══ GIVEN MATERIAL ══

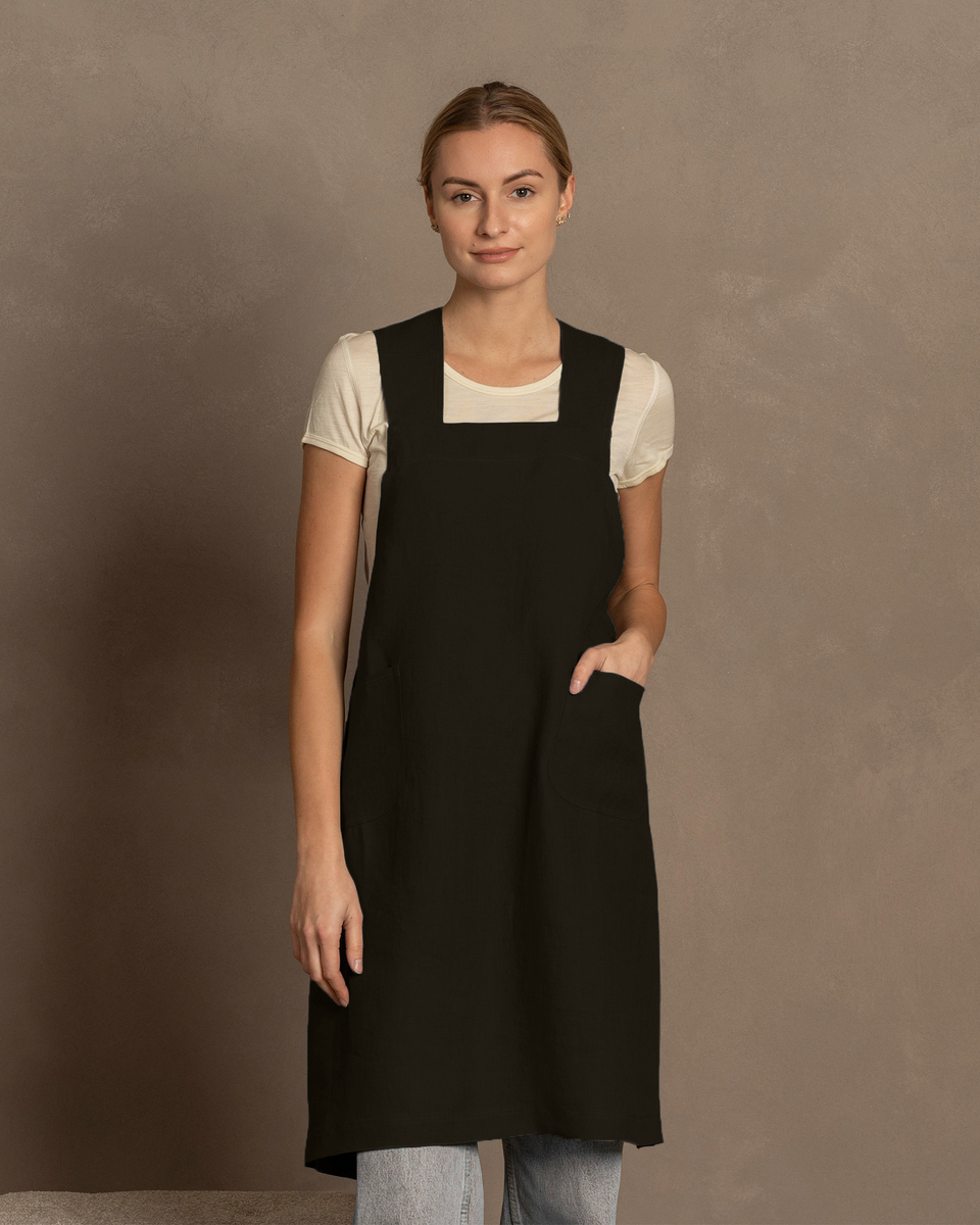Erleben Sie Komfort und Funktionalität in der Küche, im Atelier oder an jedem Arbeitsplatz mit unserer hochwertigen Kochschürze aus Leinen. Hergestellt aus 100 % natürlichem Leinen, verfügt diese japanische Schürze über einen leicht verstellbaren Kreuzrücken, der sich fest um Ihren Körper legt, ohne alle 10 Minuten abzurutschen. Diese schürzenlose Schürze ist ideal für den täglichen Gebrauch, Kochsessions oder sogar intensive Kunstprojekte. Das natürliche Leinenmaterial sorgt für Atmungsaktivität und Langlebigkeit und macht sie zu einer bequemen und eleganten Wahl für jeden Nutzer.
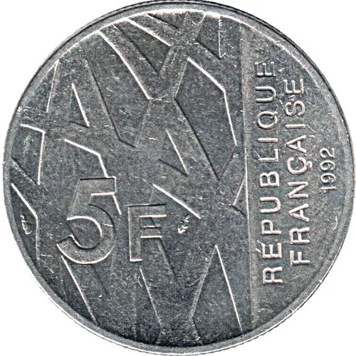 | Obverse lettering | RÉPUBLIQUE FRANÇAISE 1992 5F |
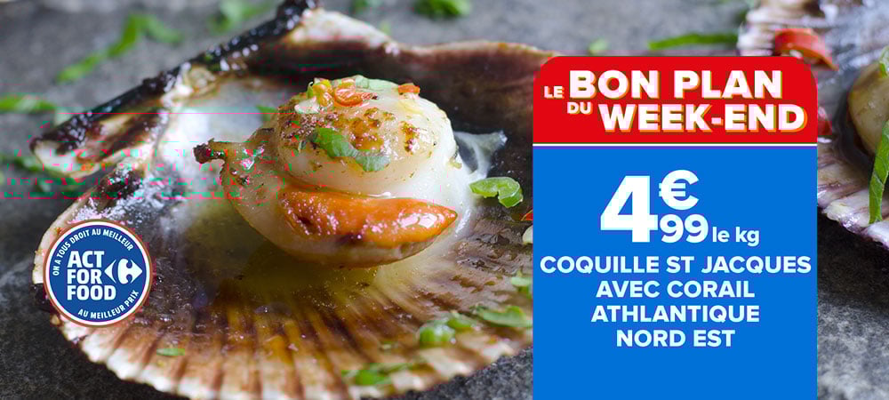 Carrefour et Market : Coquille St Jacques avec corail 4.99€ le kg (4/10 - 5/10)

═══

### PROBLEM REQUIREMENTS
Restate the material word for word, minus pictures.

### ANSWER SECTION
Erleben Sie Komfort und Funktionalität in der Küche, im Atelier oder an jedem Arbeitsplatz mit unserer hochwertigen Kochschürze aus Leinen. Hergestellt aus 100 % natürlichem Leinen, verfügt diese japanische Schürze über einen leicht verstellbaren Kreuzrücken, der sich fest um Ihren Körper legt, ohne alle 10 Minuten abzurutschen. Diese schürzenlose Schürze ist ideal für den täglichen Gebrauch, Kochsessions oder sogar intensive Kunstprojekte. Das natürliche Leinenmaterial sorgt für Atmungsaktivität und Langlebigkeit und macht sie zu einer bequemen und eleganten Wahl für jeden Nutzer.
 | Obverse lettering | RÉPUBLIQUE FRANÇAISE 1992 5F |
 Carrefour et Market : Coquille St Jacques avec corail 4.99€ le kg (4/10 - 5/10)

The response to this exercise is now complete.